İşte, 2'nci maddeye bakıyoruz, hiçbir bilimsel altyapı, hiçbir mantıki gerekçe, hiçbir üstün kamu yararı yok. "Bir Bakanlığa geniş yetkiler vererek yeni rant ve talan alanlarına zemin mi hazırlanıyor?" sorusunu sormadan edemiyoruz doğrusu. Bu bozuk zihniyet, bu köhne anlayış bu milletin herhangi bir yarasını sarabilir mi? Hiç sanmıyoruz. Neyse ki az kaldı, otuz dokuz gün kaldı.

(Mikrofon otomatik cihaz tarafından kapatıldı)

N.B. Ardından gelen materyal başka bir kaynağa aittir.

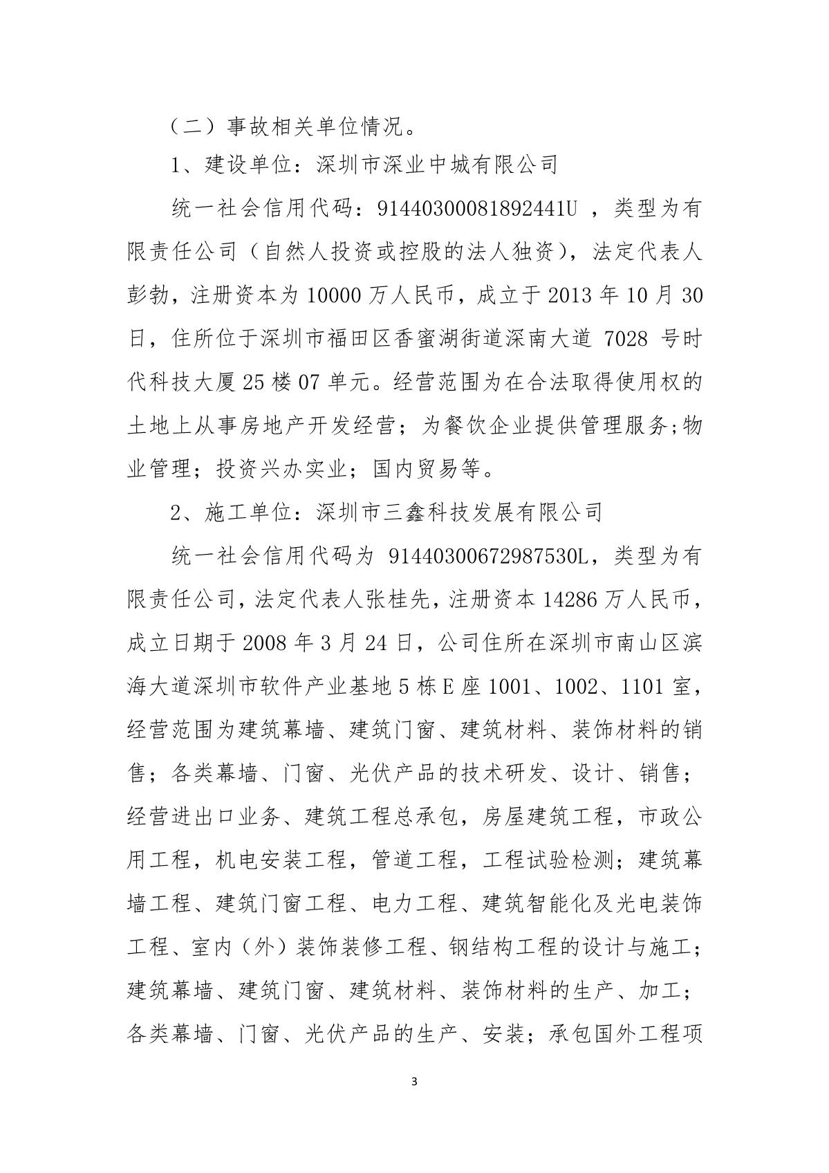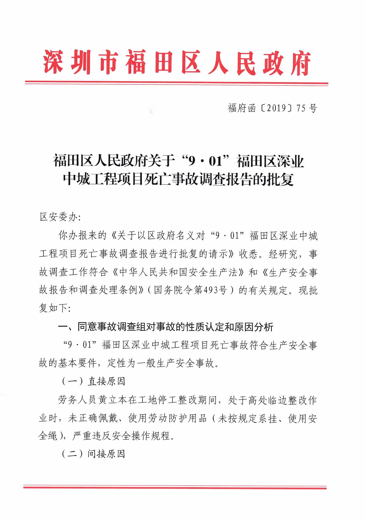 “9.01”福田區(qū)深業(yè)中城工程項目死亡事故調(diào)查報告

BAŞKAN - Buyurunuz efendim.

BEHİÇ ÇELİK (Devamla) - Değerli milletvekilleri, sözlerime son verirken bir hususta daha görüşlerimi ifade etmek istiyorum. Bilindiği üzere, 24 Haziran 2018 Cumhurbaşkanlığı ve Milletvekili Genel Seçimleri gerçekleştikten sonra İYİ Parti ilk defa Türkiye Büyük Millet Meclisinde grubuyla temsil edilme hakkını elde etmiştir. Mersin Milletvekili olarak, geçirdiğimiz beş yıllık süre zarfında bu Genel Kurulda bulunan saygıdeğer vekillerimizle samimi, medeni ilişkilerimiz olmuştur. Ben her bir vekilimize ayrı ayrı teşekkürlerimi sunuyorum.

Diğer taraftan, fedakârca, gayretle görevlerini ifa eden Başkanlık Divanına keza teşekkürlerimi ve saygılarımı sunarım. Türkiye Büyük Millet Meclisi bürokrasisinin tüm görevlilerinin yoğun mesailerini bizzat müşahede ettik. Onlar bu özverili çalışmalarını yapmasalardı Mecliste umulan hasıla gerçekleşmezdi.

(Mikrofon otomatik cihaz tarafından kapatıldı)

BAŞKAN - Tamamlayınız efendim.

BEHİÇ ÇELİK (Devamla) - Bu duygularla, Türkiye Büyük Millet Meclisi ailesine en derin saygılarımı ifade etmek istiyorum. Umut, refah ve gelecek büyük Türk milletine olsun diyorum. Hepinize teşekkür ediyorum, saygılar sunuyorum.